Grávidas e pessoas a amamentar também escolhem muitas vezes esta manicure, já que os produtos utilizados tendem a ser mais suaves do que os sistemas clássicos. Ainda assim, o essencial é confirmar o que é aplicado no salão e garantir que o procedimento é feito com higiene e rigor.
Dicas de cuidados em casa para manter o efeito
Quem faz manicure japonesa no salão pode ajudar a prolongar o resultado em casa:
- massajar regularmente óleo de unhas na lâmina e na cutícula
- usar luvas ao limpar ou lavar loiça
- evitar polir em excesso com limas metálicas ou buffers ásperos
- não usar removedores com acetona, caso aplique verniz por cima
Algumas marcas vendem kits de manicure japonesa com pasta, pó e polidor próprio. Quem já tem prática e sabe aplicar pressão leve consegue reproduzir o efeito sozinho. No entanto, sem experiência, há risco de afinar demasiado a unha ao polir com força. Quando há dúvidas, vale a pena marcar uma primeira sessão com uma profissional para observar a técnica correcta.
Riscos a considerar, apesar do foco “natural”
Apesar de ser vista como uma opção suave, não é totalmente isenta de riscos. Em unhas já muito finas, repetir o polimento com demasiada frequência pode retirar ainda mais espessura à lâmina ungueal. Pessoas com fungos, feridas abertas ou cutículas muito inflamadas devem evitar qualquer tipo de polimento até a pele estar recuperada.
E “natural” não é sinónimo de “sempre compatível”: a cera de abelha ou certos extractos vegetais podem provocar reacções alérgicas. Salões de confiança indicam, quando solicitado, todos os componentes utilizados - quem tem tendência para alergias deve referi-lo de forma clara na marcação.
Como integrar a manicure japonesa no dia-a-dia
Um ponto interessante é que a manicure japonesa adapta-se a estilos diferentes. Minimalistas usam o brilho nacarado tal como é. Outras pessoas combinam-no com detalhes quase imperceptíveis, como uma linha de french muito fina ou um único ponto pequeno de brilho por mão. Assim, a unha mantém-se protegida e o resultado continua personalizado.
Quem gosta de moda pode até usar as unhas como contraponto calmo a looks mais arrojados.

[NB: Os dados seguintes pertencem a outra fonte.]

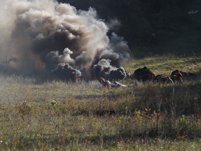 Затем военнослужащие проползли по-пластунски по карьеру под огнём противника, выполнили подъем на гору и спуск с неё. Завершили тяжёлый маршрут контрольные стрельбы из автомата Калашникова.

Com cores fortes, padrões ou joalharia marcante, unhas discretas e com brilho saudável parecem surpreendentemente actuais - quase como um “no-make-up look” para as mãos.

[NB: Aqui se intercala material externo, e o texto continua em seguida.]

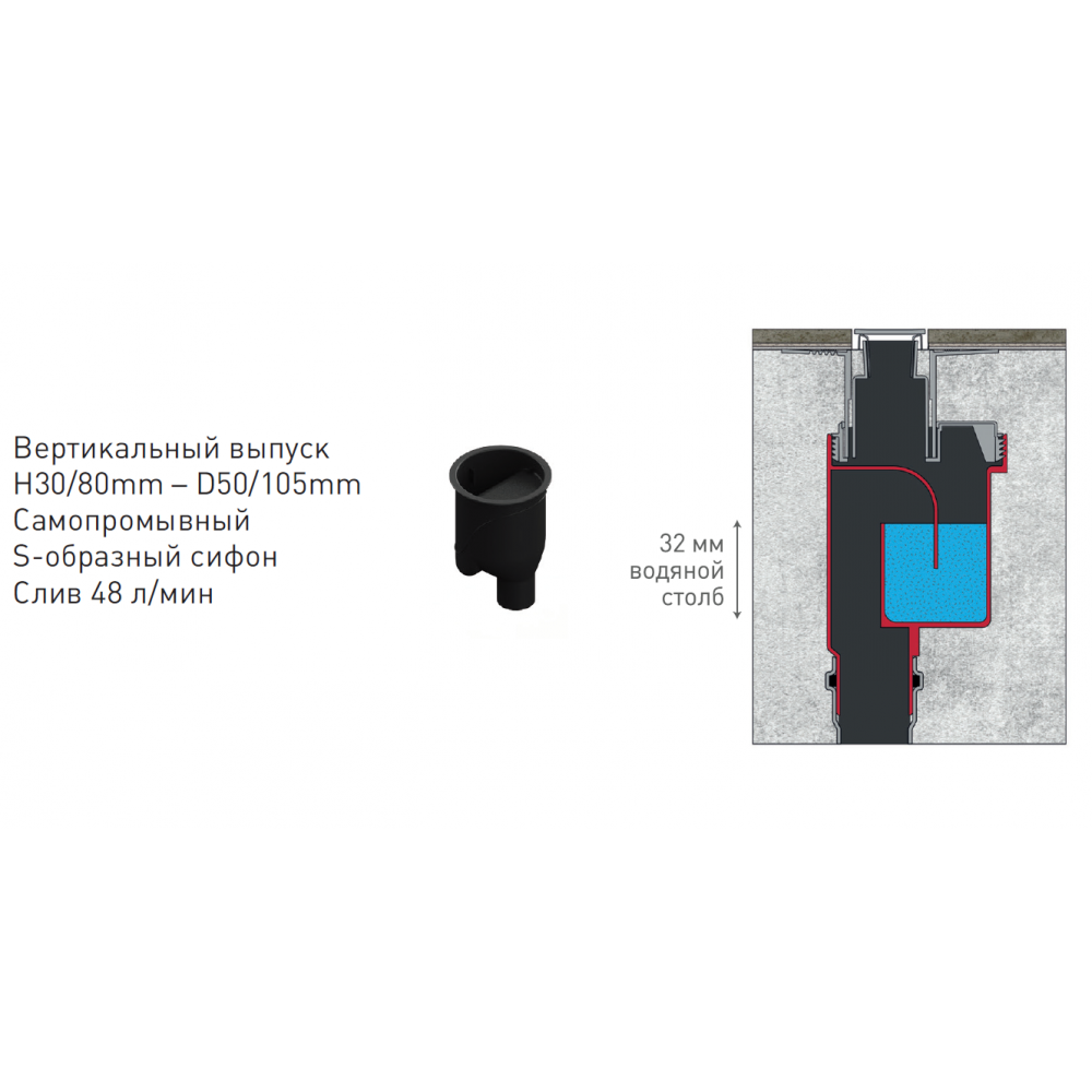 Горизонтальный выпуск D50 H60, пропускная способность 42л/мин, монтаж 360°

Há ainda quem relate que, com este tipo de manicure, mexe menos nas unhas e reduz hábitos como roer ou puxar peles. O brilho uniforme e a sensação de cuidado funcionam como incentivo para tratar melhor as mãos. Desta forma, o ritual ultrapassa a tendência de beleza e torna-se também um pequeno gesto de atenção no quotidiano.